I look back through my notes and discover that I have no picture of Thomas. Pictures are important for foster kids so that they have a record of their chaotic and scattered lives in different households with different parents. For Thomas, a picture is important for another reason. I want the judge to see him — not for the drama of how bad he looks but to see that he’s real, to identify that this is a baby and to have that picture in his head while he reads my report.

I am praying that the judge will be merciful, that he will see the reasons to grant the DNR and that he will spot and judge harshly the self-interest that led the parents to fight it.

The Child Protective Services lawyer tells me not to worry — the judge will surely grant this DNR. Even with the parents fighting it, I ask? Well, that complicates it, of course, she says. How often does the juvenile court grant a DNR? Hmm … well, it hasn’t come up that often in my cases; I don’t know.

So I continue to stack my deck, filling my report with all of the reasons, all of the documentation, all of the letters from doctors who agree with me, and I make a mental note to get that picture of Thomas.

His parents’ fighting the DNR seems like the pragmatic thing to do, given the possible repercussions for them. But it also seems like the ultimate act of selfishness, and even though they have denied committing the abuse, this level of selfishness makes me believe that they did it, or at least knew about it.
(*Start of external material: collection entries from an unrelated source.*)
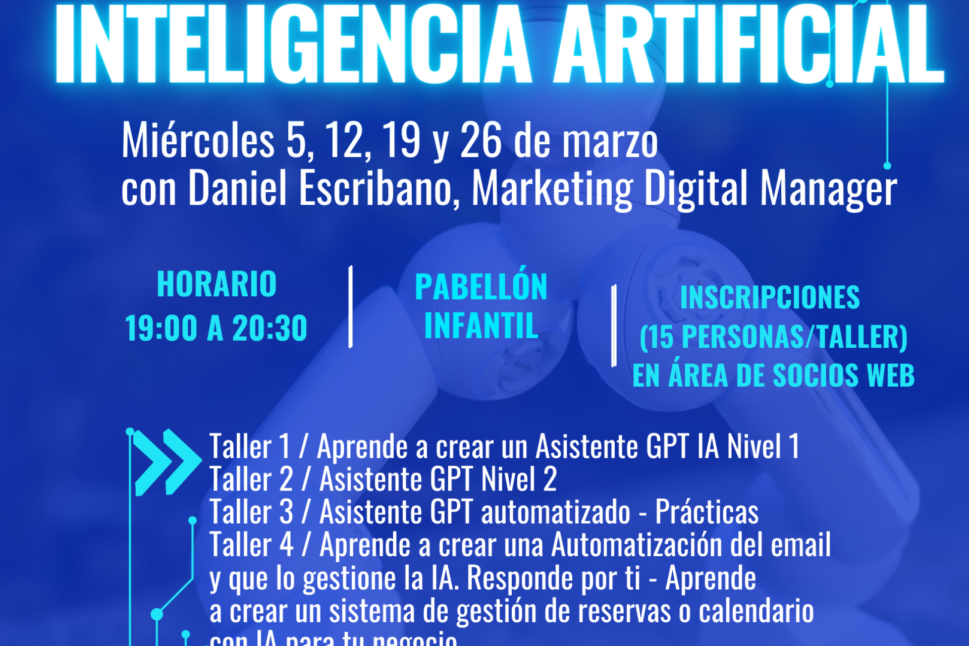 Los miércoles 5, 12, 19 y 26 de marzo de 19:00 a 20:30 en el Pabellón infantil del Club Náutico con Daniel Escribano, Marketing Digital Manager. Inscrpciones (15 personas/taller), a partir del 3 de marzo a través del ÁREA DE SOCIOS WEB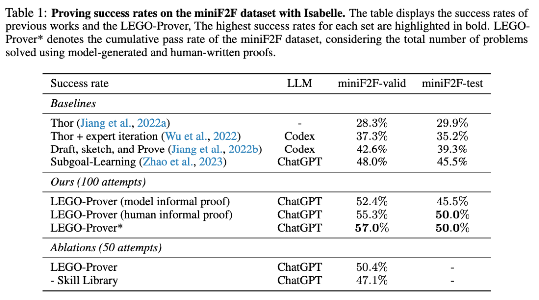 最后,实验结果表明 LEGO-Prover 在 miniF2F 数据集上的证明成功率显著优于基于先前的方法。使用人类编写的证明,LEGO-Prover 在验证集和测试集上的证明成功率分别比先前最好的方法高出 19% 和 3.5%。当使用模型生成的非正式证明替代人类编写的非正式证明时,LEGO-Prover 在验证集上的证明成功率仍然达到了 52.4%,接近于使用人类编写的非正式证明的证明成功率 55.3%。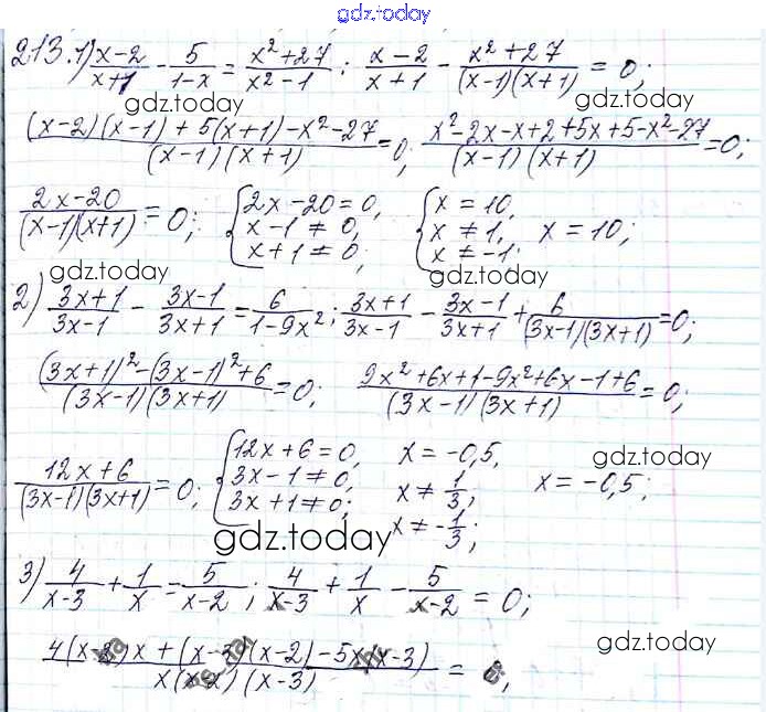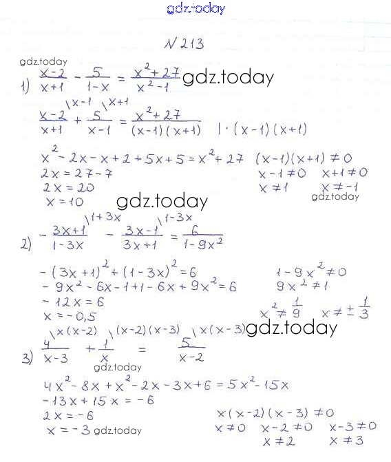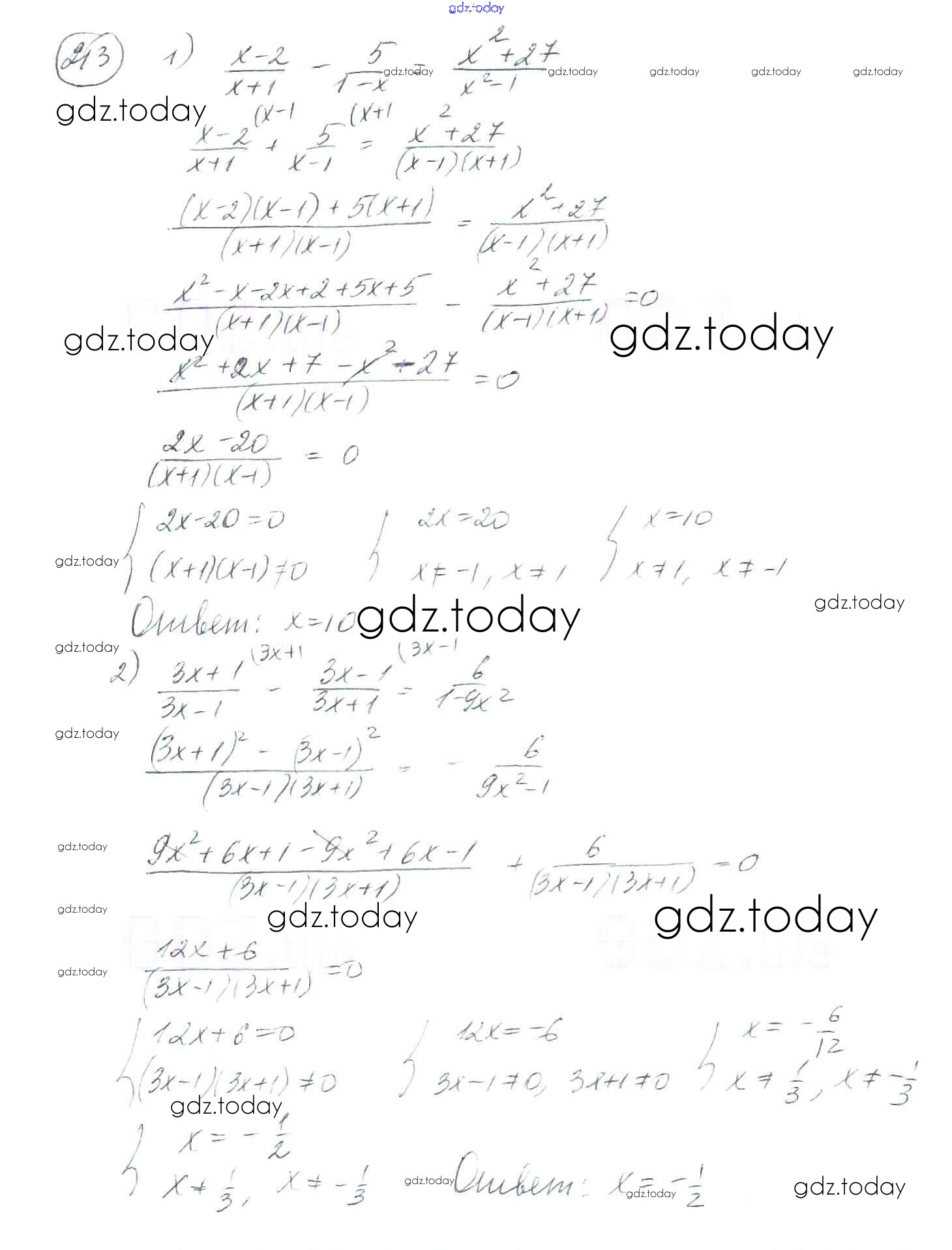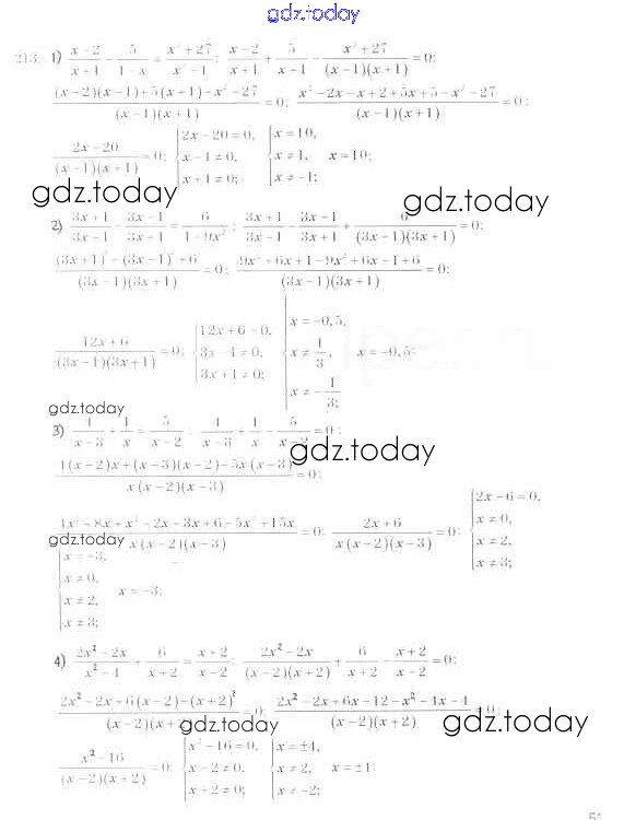На страницах сайта gdz.today вы найдете учебный и вспомогательный материал, направленный на улучшения знаний школьной программы. ГДЗ - онлайн мир знаний §7. Равносильные уравнения. Рациональные уравнения Решение к главе 1. Рациональные выражения 213 Учебнику по Алгебре для 8 класса Мерзляк, Полонский Вентана-граф Алгоритм успеха 2016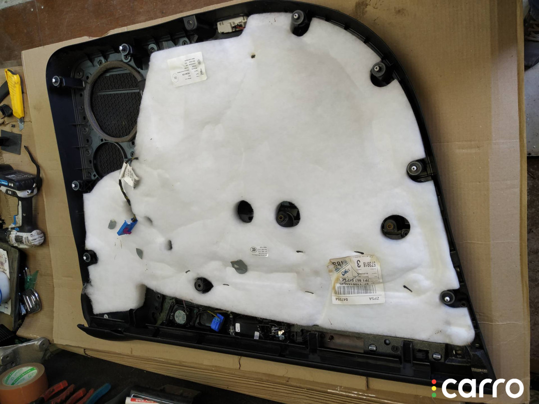голая, отдельно: черная рамка и вставка под дерево 7P6867440B, ручка 7P6837114 , световозвращатель 1K0947411A, проводка 7P6971121D, кнопка центрального замка 7P6962126A, шуба 7P0863979, ВЧ динамик 7P6035412, подлокотник 7P1867166 с кнопкой стеклоподьемника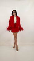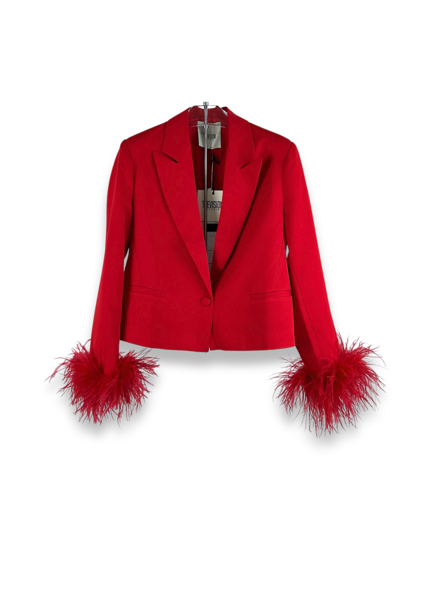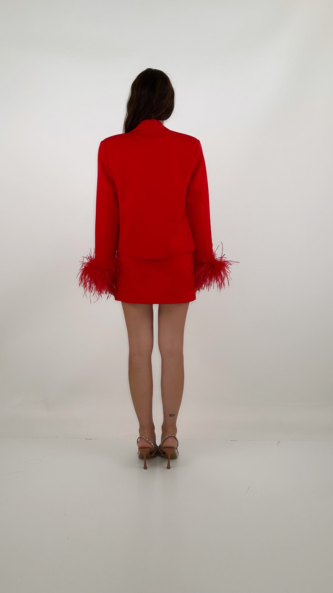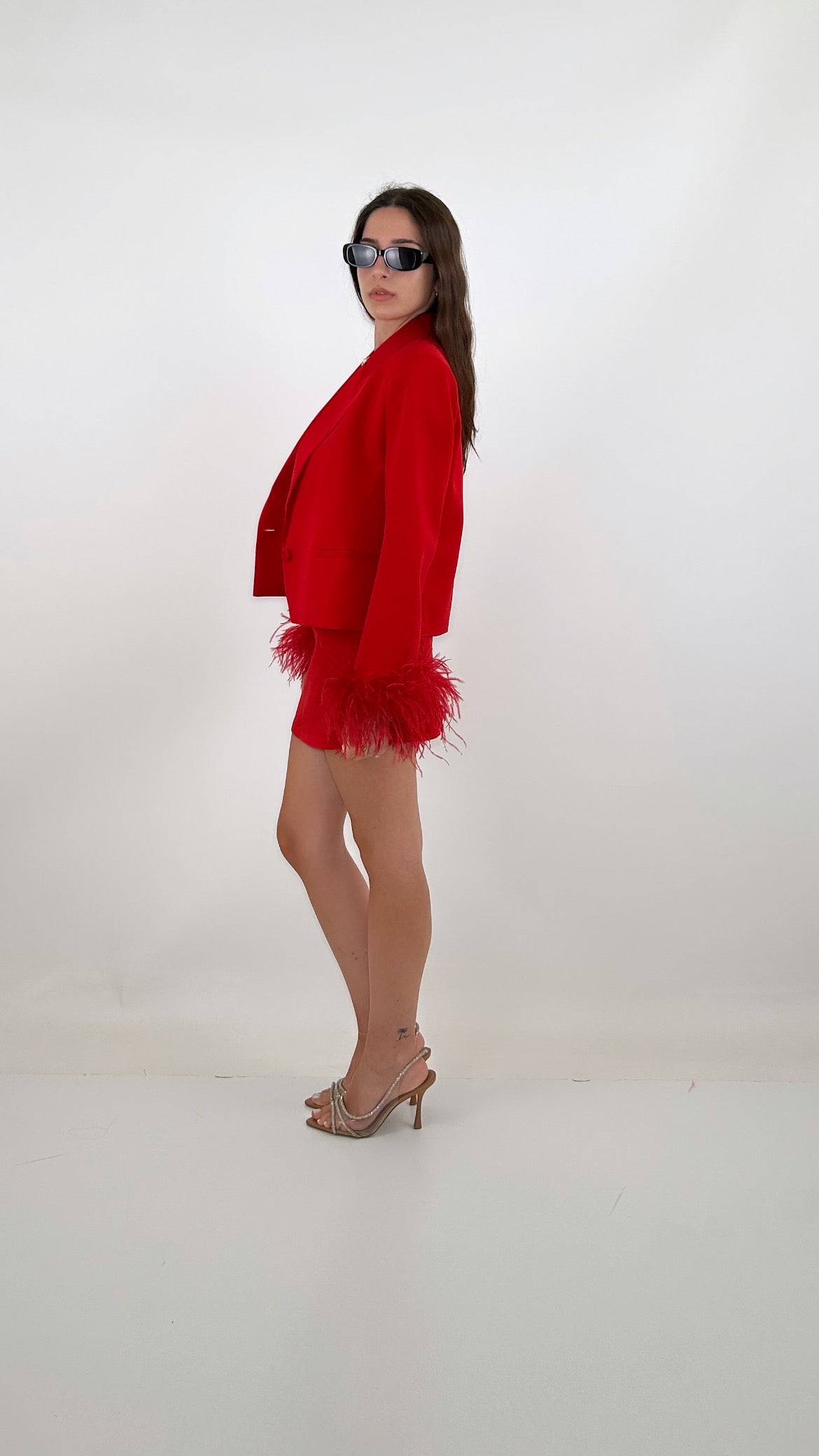 blazer corto (cropped) in un vivace e audace colore rosso fuoco.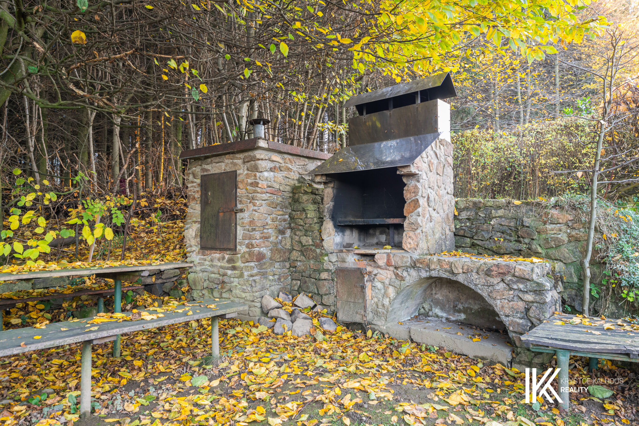 | Příslušenství | přístřešek pro auto, dlážděná terasa, venkovní ohniště, zděný gril, udírna, dřevníky |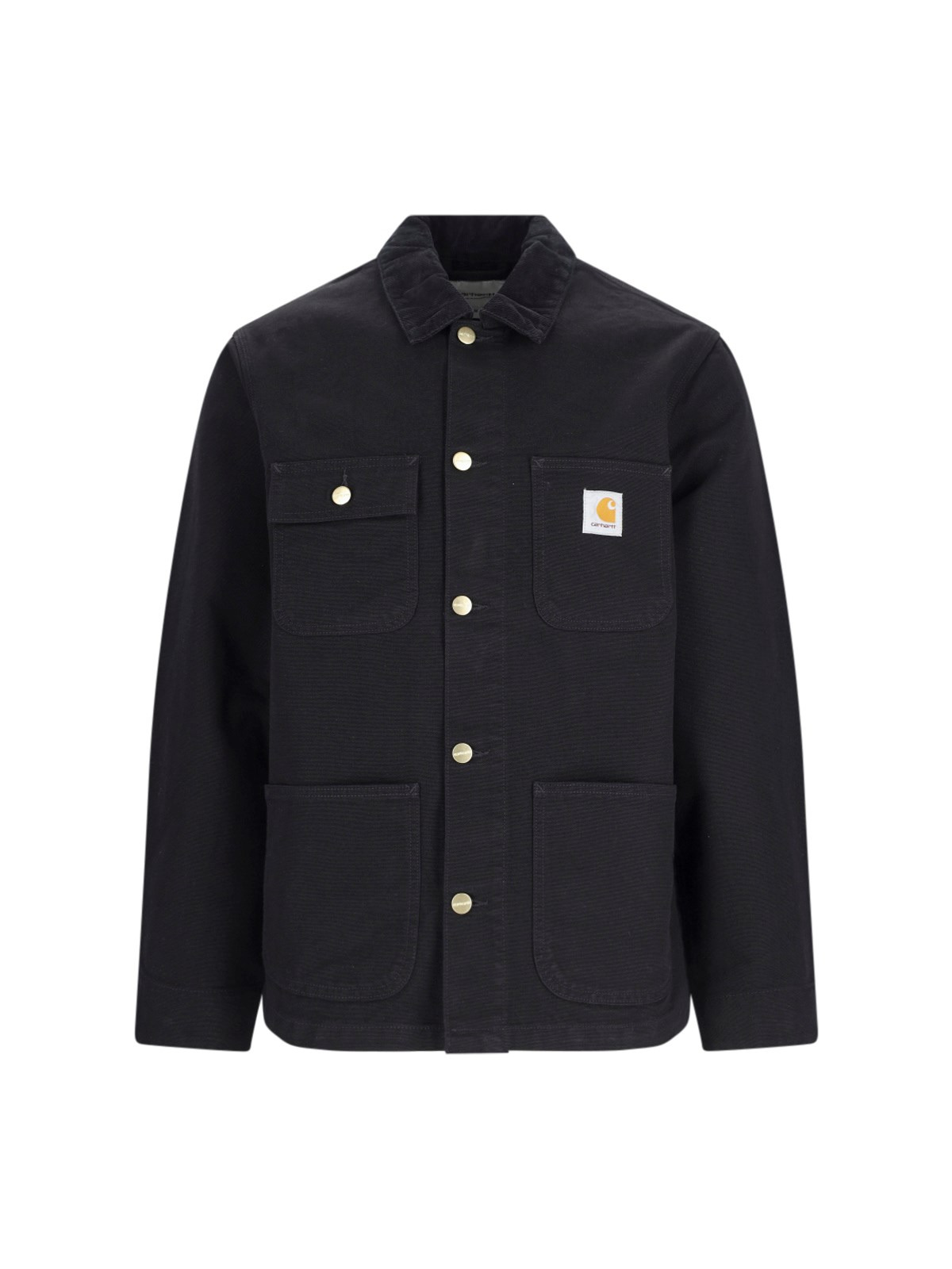 CARHARTT WIP GOLD BUTTON JACKET IN BLACK COTTON WITH CLASSIC VELVET COLLAR, BUTTON CUFFS, TWO CHEST BUTTON POCKETS, LOGO LABEL, TWO SIDE PATCH POCKETS, STRAIGHT HEM. PRODUCT INFO PRODUCT CODE I03151900E02 COMPOSITION: 100% COTTON SIZE AND FIT: REGULAR FIT MADE IN: CAMBODIA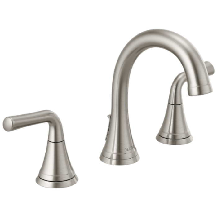 DELTA® Bathroom Faucet, Kayra™ Collection, Model: 3533, Widespread Faucet Configuration, Contemporary Theme/Style, Deck Mounting, 3-Hole Faucet Hole Compatibility, Stainless Manufacturer Finish, No Finish Group Finish Family, 6 to 16 in Faucet Center, 2-Handle, Lever Handle Style, Brass Body, 1.2 gpm Flow Rate, 4-7/16 in Spout Height, 5 in Spout Reach, Rigid Spout, Washerless Cartridge Valve/Cartridge, 1-5/8 in Maximum Deck Thickness, 1/2-14 Connection, NPSM Connection, Pop-Up Drain, Drain Components Included, Low Lead, ADA Compliant, 1-1/8 to 1-1/2 in Dia Hole
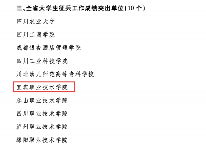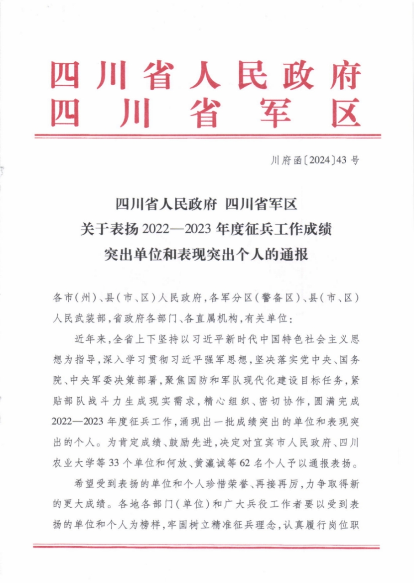 近日,四川省人民政府、四川省军区对2022—2023年度征兵工作成绩突出单位和表现突出个人进行通报表彰,我院被授予“全省大学生征兵工作成绩突出单位”荣誉称号。

Because of them, Thomas’ abuse could be never-ending.

He could live forever in pain, in a vegetative state, growing bigger without growing up, suffering through countless surgeries, medicines, doctors, therapies and tubes shoved into him.

He also is being abused by the system, in the same way a rape victim is. He is forced to relive the original atrocity at least for the rest of his natural life, but possibly longer, because the court may allow his life to continue beyond its natural limits, even though he is suffering, and even though the only thing of which he is cognizant is pain.

I have no answers, and nothing I do will guarantee that the judge will grant the DNR. No positive outcomes are possible in this case. A baby is dying, and the question we’re fighting over is when and how. I can only hope that when he is ready to go, he is able to go, and that this happens on his terms. I hope that for this one final act of his short life, he is in control.